Thursday, April 17, 2008

Pip 1998-2008




There is sorrow enough in the natural way
From men and women to fill our day;
But when we are certain of sorrow in store,
Why do we always arrange for more?
Brothers and Sisters, I bid you beware
Of giving your heart to a dog to tear.

- Rudyard Kipling

Today, August 17 2008, Pip finished his journey with Barbara and me. It was a heart-wrenching parting, for he was truely a sentient creature, who shared our laughs as well as our sadness. It is very difficult for me to write with the lump in my throat and tears clouding the screen, but this is something I find necessary.

More than one friend has told us that they want to come back in their second life as our dog, and I guess we did spoil him a bit, but we have such wonderful memories because we treated him pretty much as a member of the family.

Pip originally found Anne at the small animal program at Kirkwood Community College where he was a rescue dog who had been putting up with all the things the students did to him in learning their skills. Anne drew Pip for her training class, after the other students had passed him over in favor of the "cute" smaller dogs . . . their mistake! Pip is by appearance mostly Border Collie, and he ceratinly had the mind of a hearding dog. Intellegent and eager to please, he and Anne were quite a team.

Barbara and I found ourselves agreeing to keep Pip "for a few weeks; no more than 2 or 3 months" while Anne situated herself in more permanent housing. She never got him back; not so much as because she did not have the best situation for keeping a dog but more because we really fell hard for this guy. It was plesant to have someone happy to greet you on coming home, no matter how bad your day was. In return for food and a warm place to sleep, he gave pure affection, was a very good listener, and kept away the bad guys with a ferocious bark when appropriate.

There were a few growing problems in his youth. The first time we left him in the house at Estes Park, we decided to "keep him out of trouble" by closing him in the bedroom. . . . big mistake. On return, he had chewed the phone, a book, and several other choice items. I am sure this was to give us the message that this was not a good way to treat a loyal friend. Thereafter we left him to roam the entire house, and he in return guarded the place and left the phone, the books, etc alone.

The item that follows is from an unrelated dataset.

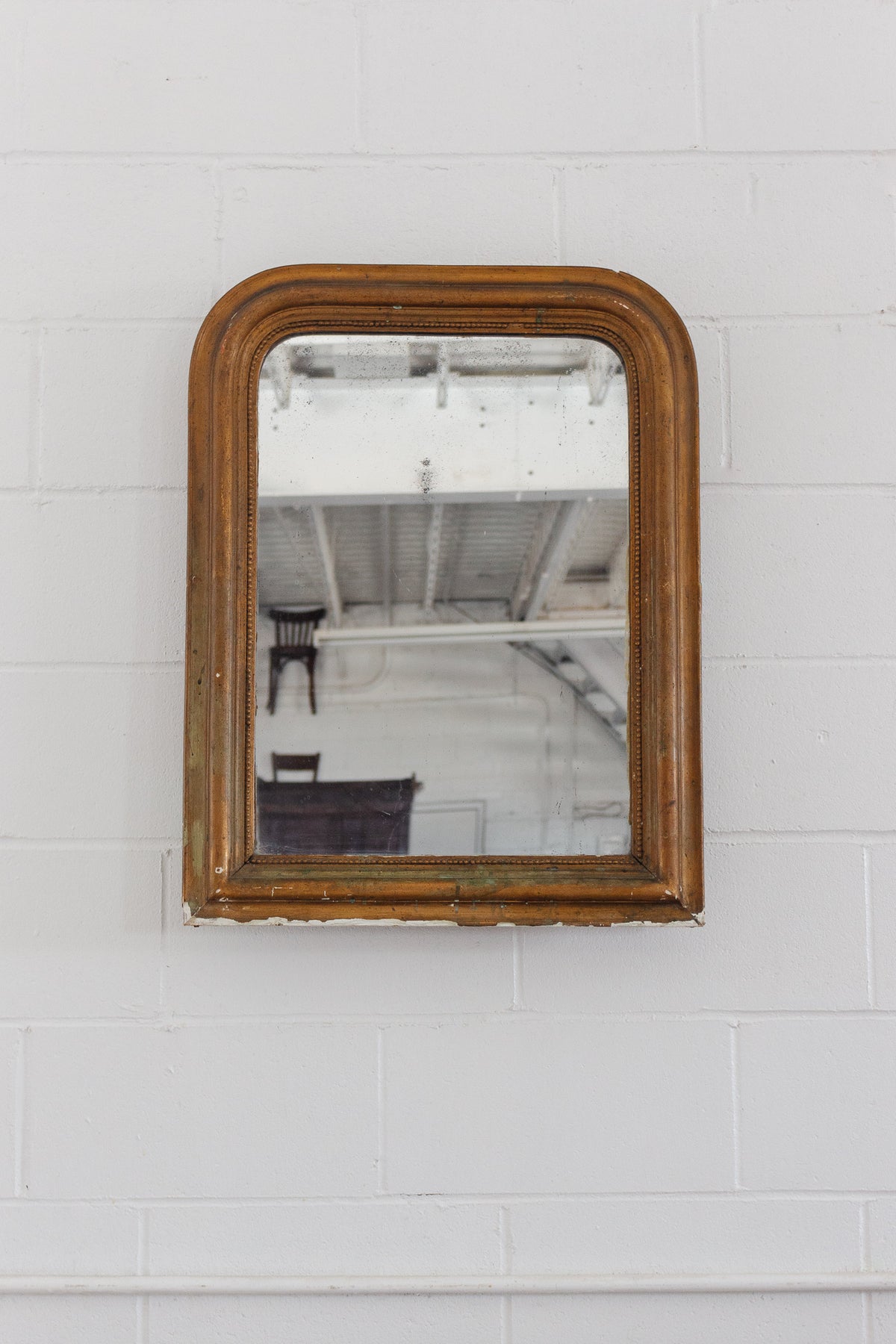 Louis Philippe mirrors add a dreamy, old world charm to any space; we love their soft, curved edges and iconic, timeless feel. This turn of the century Louis Philippe mirror features its original gilt finish that has been beautifully worn over time. Though in good overall condition, due to its age, this piece shows some signs of wear to both the frame and glass, as pictured.

He did fail his training on occasion. Rabbits, deer, and assorted birds were great entertainment. Fortunately in his earlier years we lived on 3 acres with a lot of trees and he could chase the animals through this forrest rather than into the streets. In his older years, he still let them know he was there, but the chases were shorter for the most part.

He was known far and wide as a conniver. Friends would comment on his generous body, while at the same time yielding to his persuasion to them to feed him from their plate. He would smile, wag his tail, and get all but the most hardened of men to bend down and give him a rub and scratch behind the ears.


At this point, I must really admit that Pip was not my dog, but entirely Barbara's. They were really a pair! In the house, in the yard, in the RV; he was always by her side and variously referred to as "Velcro" and "The Shadow". When Barbara was gone, Pip would lie in the yard looking at the street for her car to return, or inside keeping check on the door to make sure he was there to greet her return. As I mentioned, he was a good listener, and occasionally he and Barbara would have 2-way conversations. . . really.

While not banned from the bed, he almost always slept on the floor. However, when we woke up in the mornings, even if we just laid there without talking, we could expect this 90# black and white form to come flying up on the bed, and for this he earned the title of "The Flying Nun." At some point most mornings, he and Barbara would lie in the bed and he would give off sighs and literally purr as she scratched and rubbed the right spots. I was almost jealous!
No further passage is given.